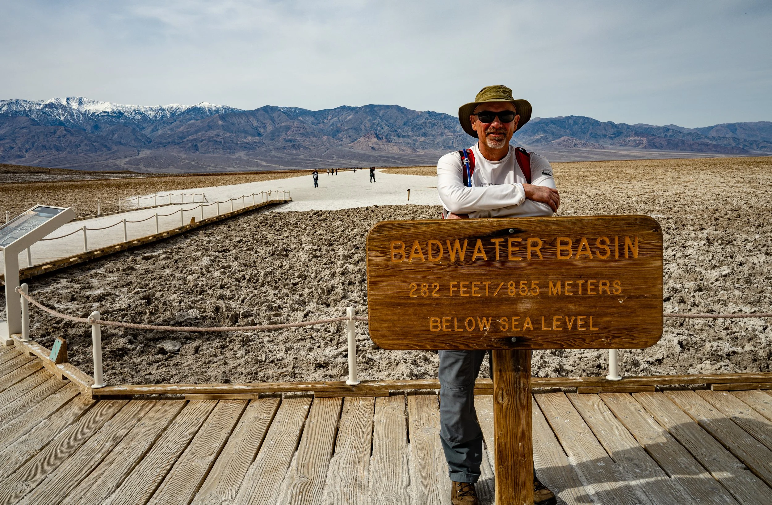 Badwater Basin is number one on the National Park Service’s Must-See Location list for the park and is one of three locations on their “do-not-miss” list. It did not disappoint. We walked out about a mile onto the flats. I attached my 24mm wide-angle lens in the car and didn't change it while we were out there to avoid getting salt inside the camera. All the photos were taken at either f/14 or f/16 and I left the camera on auto ISO (100 in most of these photos) and auto shutter. It was a fairly hazy and mostly cloudy day, and I should have had my UV Haze filter on, but I had my polarizing filter on instead. Too many things to remember. The photos were all Raw photos post-processed in Adobe Lightroom and then converted to JPEG.
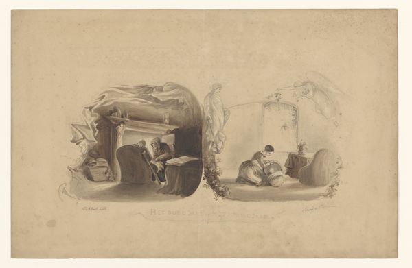 Marie-Alexandre Alophe created this lithograph titled, "Six Vignettes of Everyday Life." The composition immediately strikes us with its arrangement of six distinct vignettes. Each scene, framed within its own circular or rounded boundary, captures a slice of 19th-century life. What is immediately apparent is Alophe’s masterful use of line and texture to create depth and mood. The scenes range from domestic interiors to outdoor settings, inviting us to consider how space is constructed and inhabited. Each vignette functions almost like a stage set, with the figures carefully positioned to convey narrative. The contrast between light and shadow draws our eyes to the focal points of each scene, highlighting the artist’s ability to evoke emotion through subtle formal means. Alophe has structured each vignette with a semiotic system where the placement of figures, objects, and architectural elements tell distinct stories within the larger framework. The lithograph overall is not merely a depiction of everyday life but a carefully constructed representation. Alophe's work highlights the complexities of the semiotic representation of social narratives.
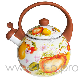 Чайник для плиты METALLONI ЕМ-25001/37A, эмал., ручка пластик Фруктовый сад, 2,5л со свистком (12)

#####

The problem - Pictures aside, reproduce all of the data exactly.

Answer for this exercise -
 Badwater Basin is number one on the National Park Service’s Must-See Location list for the park and is one of three locations on their “do-not-miss” list. It did not disappoint. We walked out about a mile onto the flats. I attached my 24mm wide-angle lens in the car and didn't change it while we were out there to avoid getting salt inside the camera. All the photos were taken at either f/14 or f/16 and I left the camera on auto ISO (100 in most of these photos) and auto shutter. It was a fairly hazy and mostly cloudy day, and I should have had my UV Haze filter on, but I had my polarizing filter on instead. Too many things to remember. The photos were all Raw photos post-processed in Adobe Lightroom and then converted to JPEG.
 Marie-Alexandre Alophe created this lithograph titled, "Six Vignettes of Everyday Life." The composition immediately strikes us with its arrangement of six distinct vignettes. Each scene, framed within its own circular or rounded boundary, captures a slice of 19th-century life. What is immediately apparent is Alophe’s masterful use of line and texture to create depth and mood. The scenes range from domestic interiors to outdoor settings, inviting us to consider how space is constructed and inhabited. Each vignette functions almost like a stage set, with the figures carefully positioned to convey narrative. The contrast between light and shadow draws our eyes to the focal points of each scene, highlighting the artist’s ability to evoke emotion through subtle formal means. Alophe has structured each vignette with a semiotic system where the placement of figures, objects, and architectural elements tell distinct stories within the larger framework. The lithograph overall is not merely a depiction of everyday life but a carefully constructed representation. Alophe's work highlights the complexities of the semiotic representation of social narratives.
 Чайник для плиты METALLONI ЕМ-25001/37A, эмал., ручка пластик Фруктовый сад, 2,5л со свистком (12)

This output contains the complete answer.